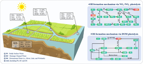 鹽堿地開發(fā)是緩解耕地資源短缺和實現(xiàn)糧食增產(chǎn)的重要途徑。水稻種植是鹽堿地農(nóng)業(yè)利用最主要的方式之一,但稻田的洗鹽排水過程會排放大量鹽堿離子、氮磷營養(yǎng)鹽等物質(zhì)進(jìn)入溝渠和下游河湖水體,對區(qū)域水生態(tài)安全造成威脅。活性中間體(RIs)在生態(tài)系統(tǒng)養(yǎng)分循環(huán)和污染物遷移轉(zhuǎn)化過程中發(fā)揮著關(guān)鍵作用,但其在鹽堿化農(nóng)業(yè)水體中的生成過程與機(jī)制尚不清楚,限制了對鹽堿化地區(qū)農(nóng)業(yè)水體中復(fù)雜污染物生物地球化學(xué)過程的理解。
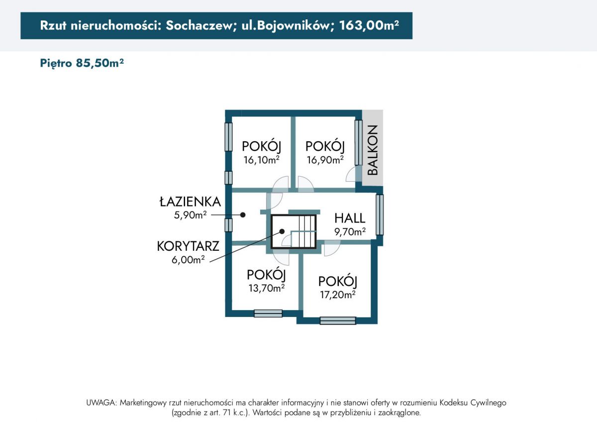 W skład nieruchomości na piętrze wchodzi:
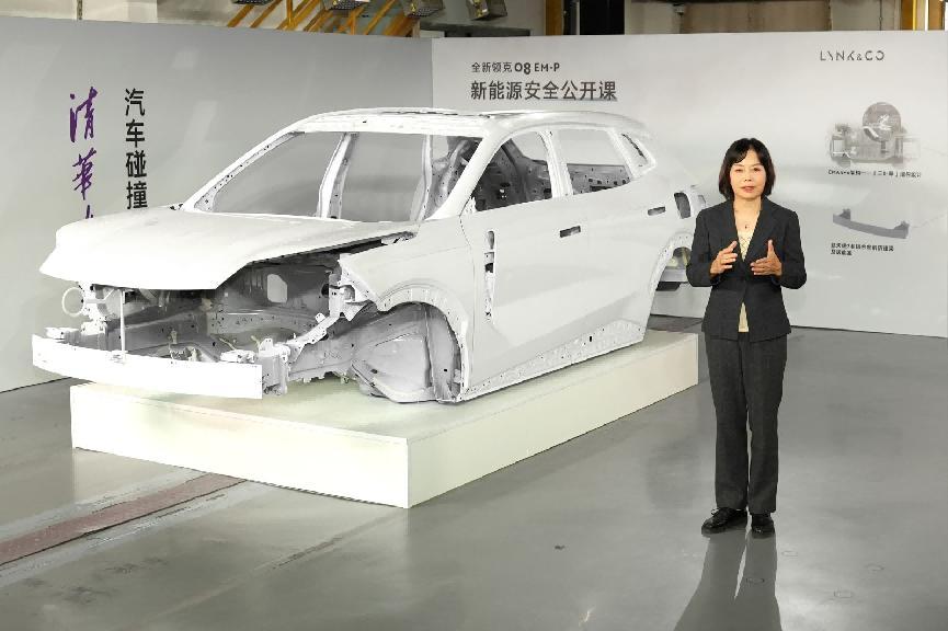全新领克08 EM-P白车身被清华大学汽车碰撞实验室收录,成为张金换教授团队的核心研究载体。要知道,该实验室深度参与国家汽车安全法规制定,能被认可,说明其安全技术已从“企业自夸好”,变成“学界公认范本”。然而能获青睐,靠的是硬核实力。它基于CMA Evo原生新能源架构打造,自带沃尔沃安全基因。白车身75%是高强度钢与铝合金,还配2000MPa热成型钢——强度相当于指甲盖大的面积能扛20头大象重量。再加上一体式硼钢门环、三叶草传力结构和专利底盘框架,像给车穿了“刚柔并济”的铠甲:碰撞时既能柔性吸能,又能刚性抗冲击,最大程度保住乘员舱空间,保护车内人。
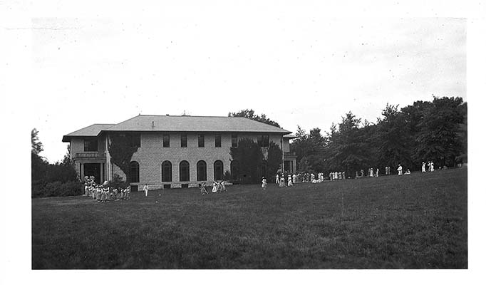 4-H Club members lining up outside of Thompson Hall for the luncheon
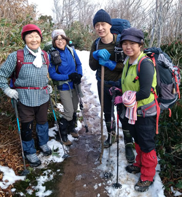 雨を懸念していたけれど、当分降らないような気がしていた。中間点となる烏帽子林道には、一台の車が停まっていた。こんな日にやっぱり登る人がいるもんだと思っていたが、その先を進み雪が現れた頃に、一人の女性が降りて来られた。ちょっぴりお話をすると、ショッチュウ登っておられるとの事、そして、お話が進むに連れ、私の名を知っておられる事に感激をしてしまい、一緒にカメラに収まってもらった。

ACTION ITEM: Reproduce the material above from its first line through the line containing "W skład nieruchomości", both ends included, and skip every picture.

EXERCISE RESPONSE:
 鹽堿地開發(fā)是緩解耕地資源短缺和實現(xiàn)糧食增產(chǎn)的重要途徑。水稻種植是鹽堿地農(nóng)業(yè)利用最主要的方式之一,但稻田的洗鹽排水過程會排放大量鹽堿離子、氮磷營養(yǎng)鹽等物質(zhì)進(jìn)入溝渠和下游河湖水體,對區(qū)域水生態(tài)安全造成威脅。活性中間體(RIs)在生態(tài)系統(tǒng)養(yǎng)分循環(huán)和污染物遷移轉(zhuǎn)化過程中發(fā)揮著關(guān)鍵作用,但其在鹽堿化農(nóng)業(yè)水體中的生成過程與機(jī)制尚不清楚,限制了對鹽堿化地區(qū)農(nóng)業(yè)水體中復(fù)雜污染物生物地球化學(xué)過程的理解。
 W skład nieruchomości na piętrze wchodzi:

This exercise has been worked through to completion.